*Exercise description*
Print nothing but the lines from the start of the listing below through the line that contains "Linea de producción". Do not include the pictures.

*Data supplied*
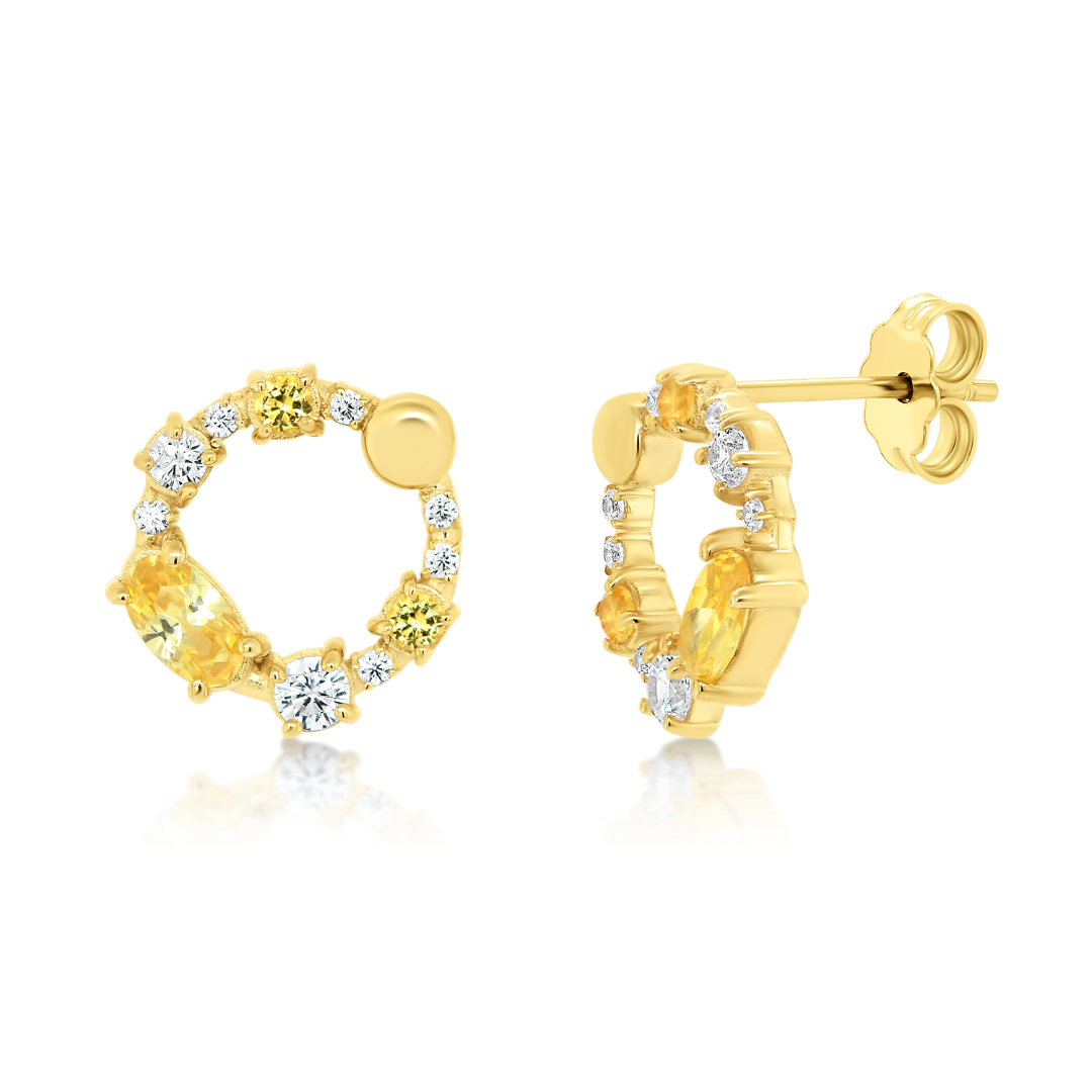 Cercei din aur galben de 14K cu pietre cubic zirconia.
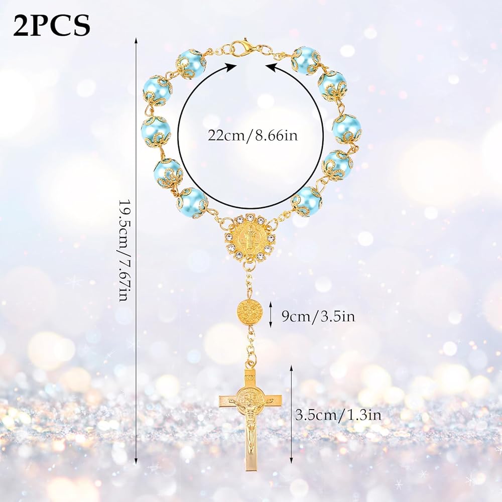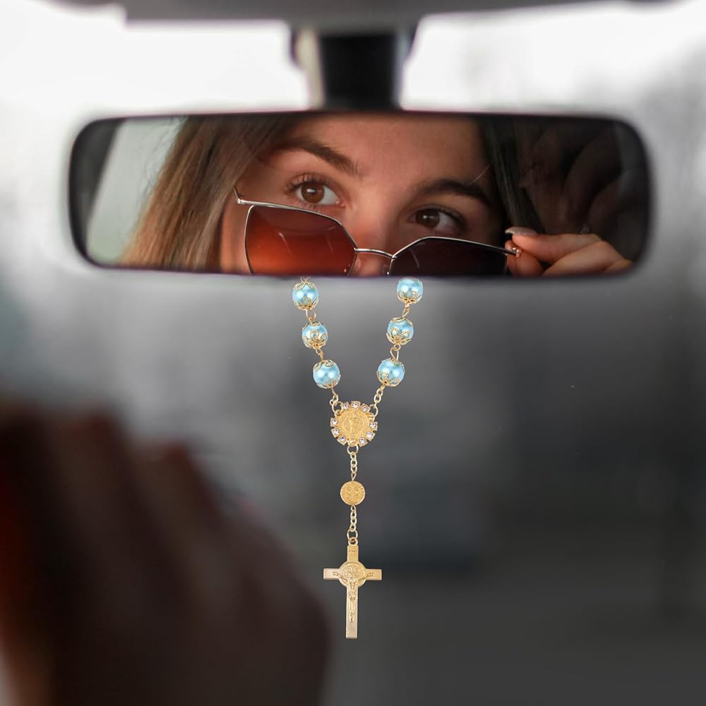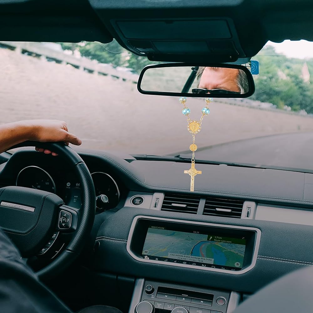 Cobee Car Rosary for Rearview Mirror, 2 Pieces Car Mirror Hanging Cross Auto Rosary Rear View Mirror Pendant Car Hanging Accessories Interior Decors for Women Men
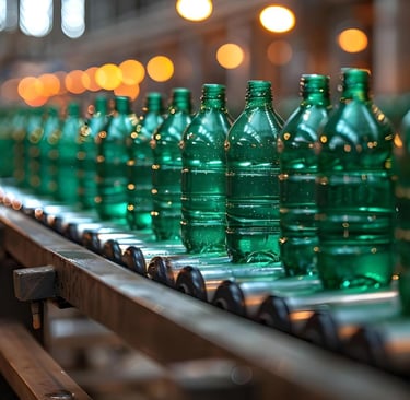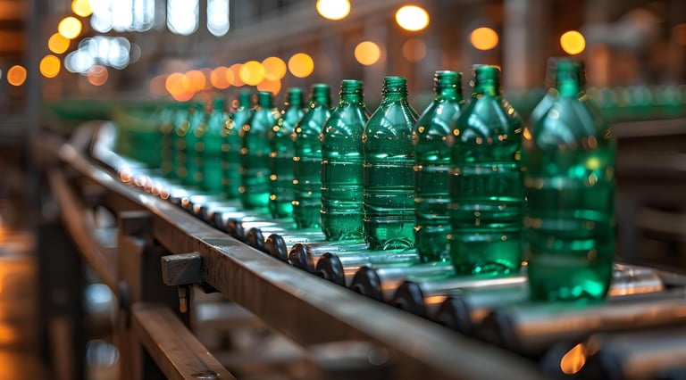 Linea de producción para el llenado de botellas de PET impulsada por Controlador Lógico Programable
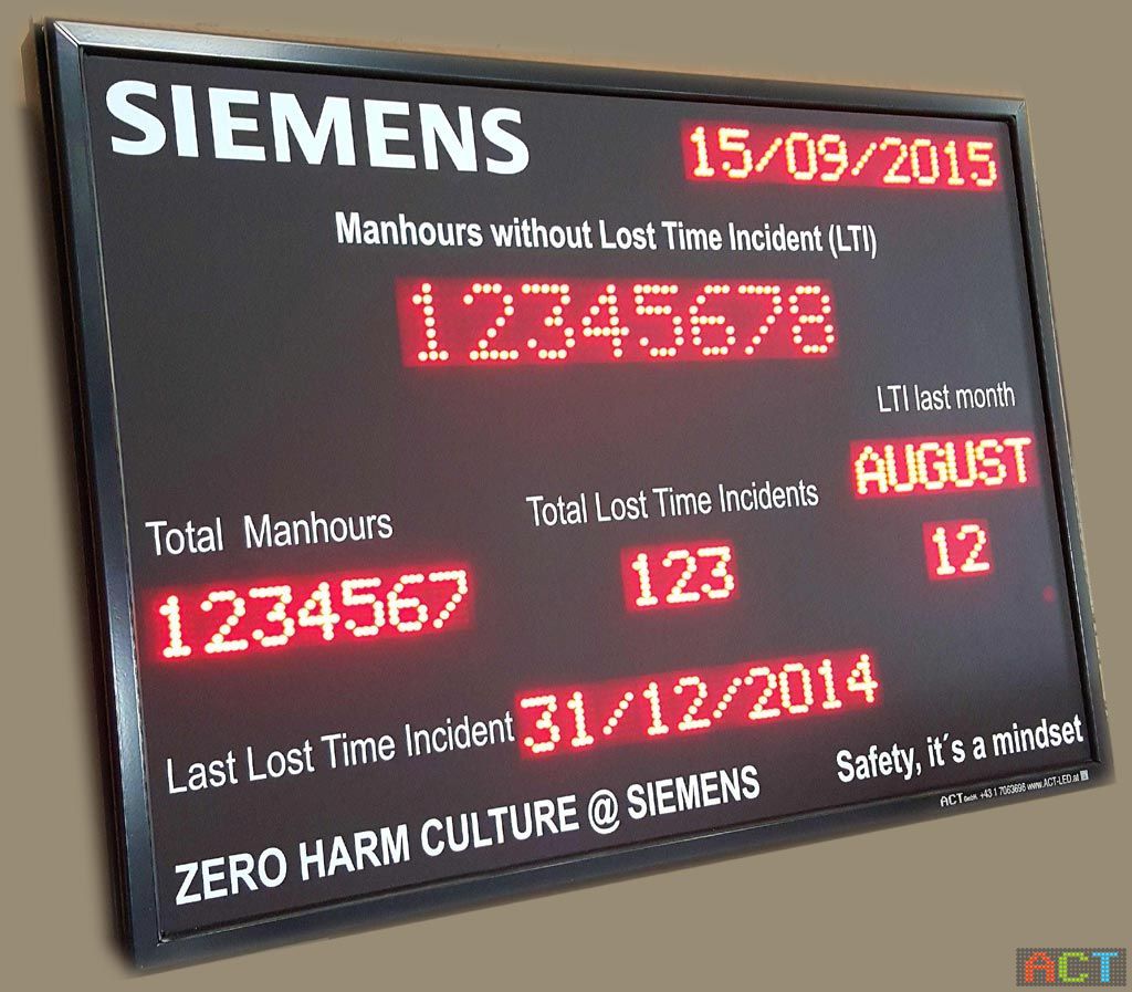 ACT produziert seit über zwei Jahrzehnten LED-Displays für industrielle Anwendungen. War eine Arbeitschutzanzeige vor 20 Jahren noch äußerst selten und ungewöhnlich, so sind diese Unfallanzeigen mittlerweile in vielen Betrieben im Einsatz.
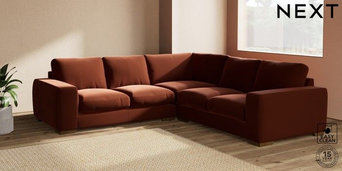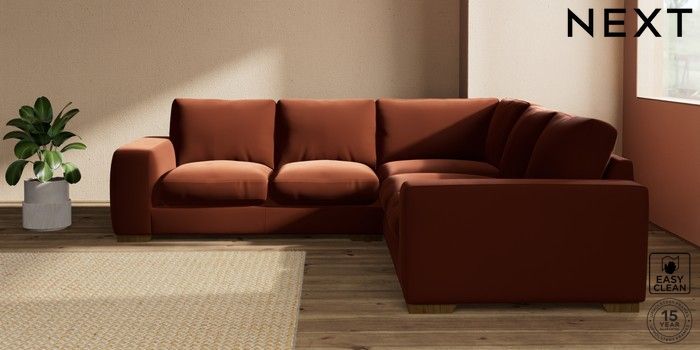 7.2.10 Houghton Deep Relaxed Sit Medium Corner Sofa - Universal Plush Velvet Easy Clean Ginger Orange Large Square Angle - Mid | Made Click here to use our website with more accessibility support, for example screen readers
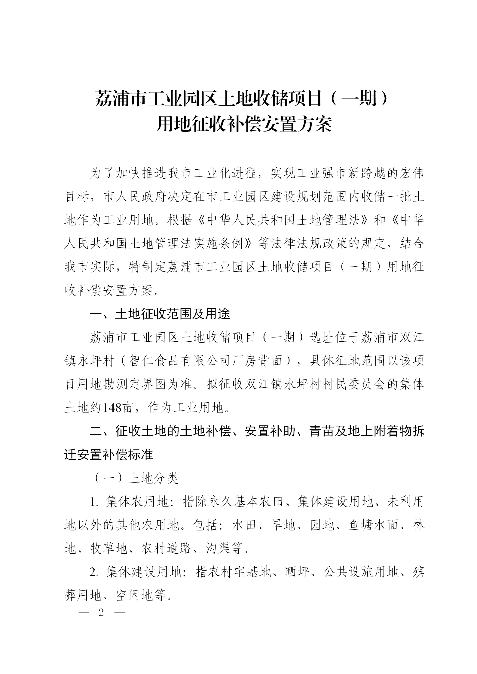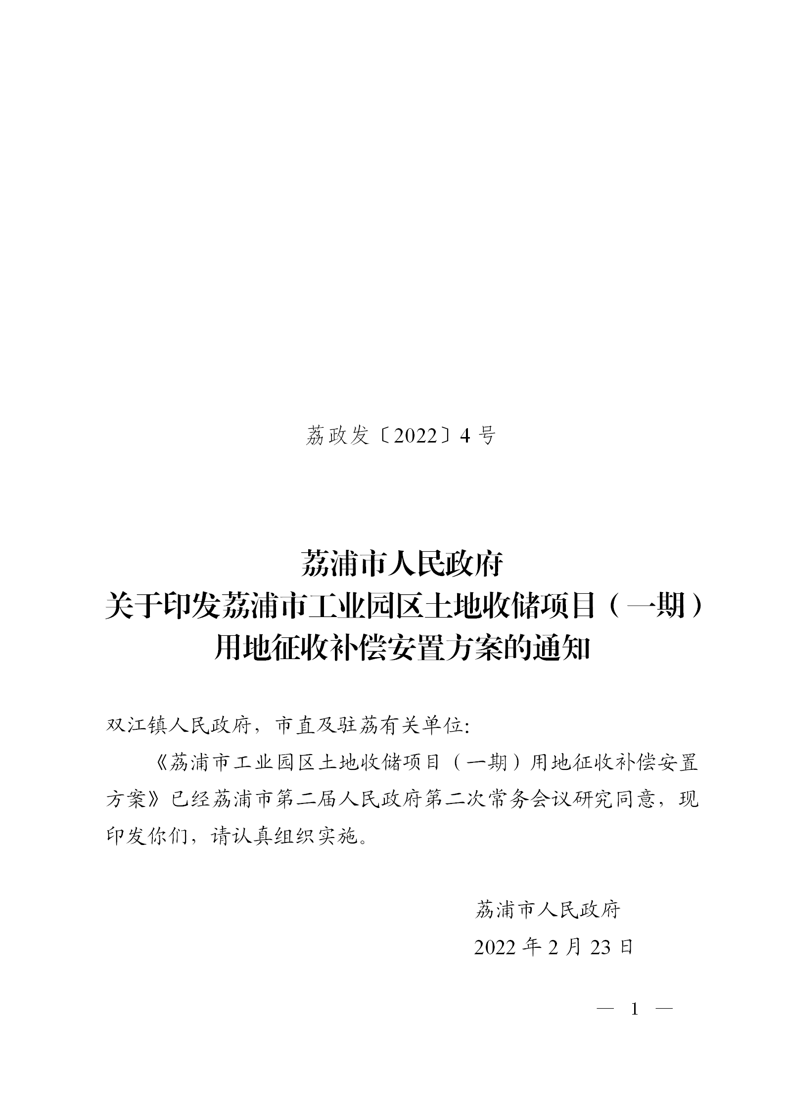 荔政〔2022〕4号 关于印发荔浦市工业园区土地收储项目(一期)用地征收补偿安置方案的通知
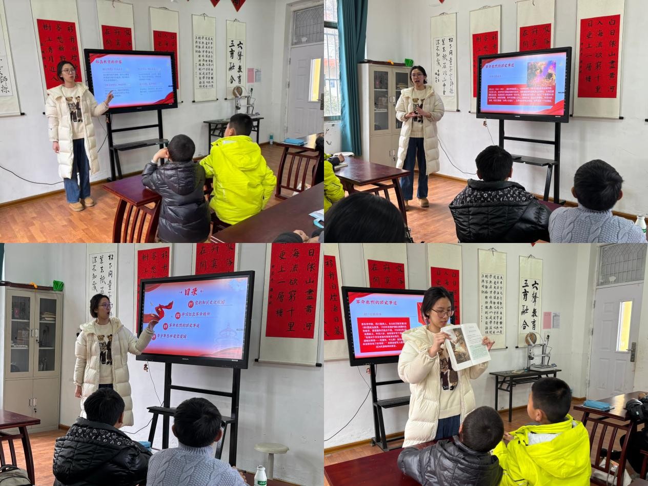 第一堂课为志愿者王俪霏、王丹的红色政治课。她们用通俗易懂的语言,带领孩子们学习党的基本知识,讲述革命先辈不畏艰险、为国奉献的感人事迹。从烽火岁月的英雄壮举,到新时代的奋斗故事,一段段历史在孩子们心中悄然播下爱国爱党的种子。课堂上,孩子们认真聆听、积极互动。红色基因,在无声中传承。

*Problem solution*
 Cercei din aur galben de 14K cu pietre cubic zirconia.
 Cobee Car Rosary for Rearview Mirror, 2 Pieces Car Mirror Hanging Cross Auto Rosary Rear View Mirror Pendant Car Hanging Accessories Interior Decors for Women Men
 Linea de producción para el llenado de botellas de PET impulsada por Controlador Lógico Programable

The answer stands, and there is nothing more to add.